Psalm 23: Love Everlasting

June 5, 2018

“Surely goodness and mercy shall follow me all the days of my life and I will dwell in the house of the Lord forever.” (Psalm 23:6)

What is the basis of the unquenchable faith of King David? What gives him the assurance that all the blessings he has described (in Psalm 23) will be experienced all the days of his life and forever?

The word Selah, found frequently in the psalms of David, can be interpreted: “Pause and calmly think about that.” If we pause and calmly think about it, we realize that all through Psalm 23 David presents his Shepherd as the great Initiator of their relationship.

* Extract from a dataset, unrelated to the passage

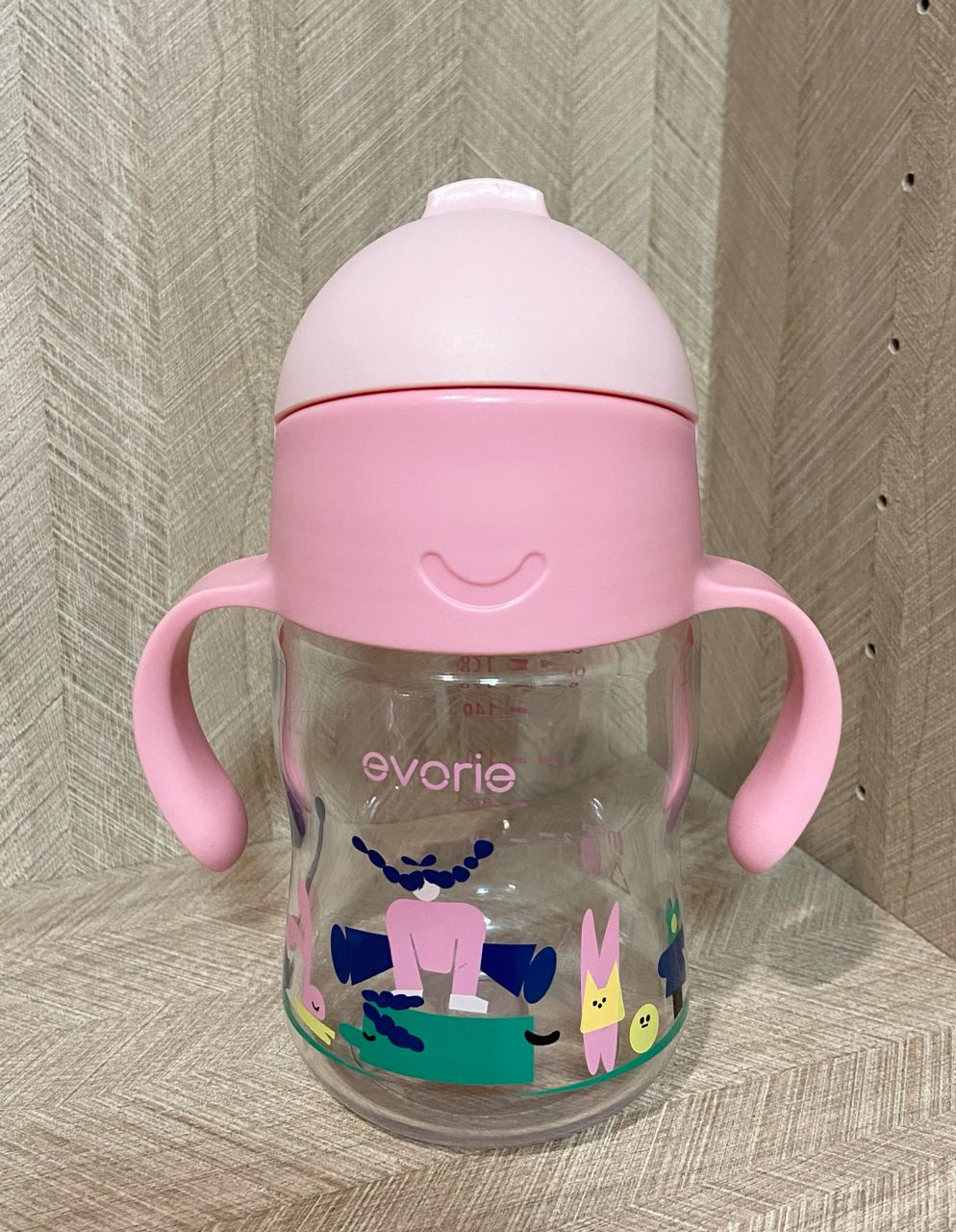 愛得利evorie Tritan 360度防漏微笑學習水杯200ml+ 全新替換吸管組+ 全新吸嘴x1

It is the Shepherd Who gets David’s attention and makes him lie down saying, “baa,” confessing that he is a sheep and the Lord is his Shepherd. It is his Shepherd Who makes David lie down where there are green pastures and leads him beside still waters. It is David’s Shepherd Who uses His staff when David strays from Him, and drives him into the paths of righteousness that restore his soul.

It is God, the Good Shepherd, Who initiates these interventions in David’s life.

As David walks through the valley of the shadow of death, his confidence is not in his own extraordinary ability as a warrior to see himself through that valley. His confidence is clearly in his Shepherd. As David walks through this dark and scary valley, he is looking to God for protection and provision. He knows his Shepherd will personally anoint him with oil and keep that cup running over within him.

The source of David’s confident faith is clearly seen in the way he ends his psalm:

“Kindness and faithful love pursue me every day of my life.”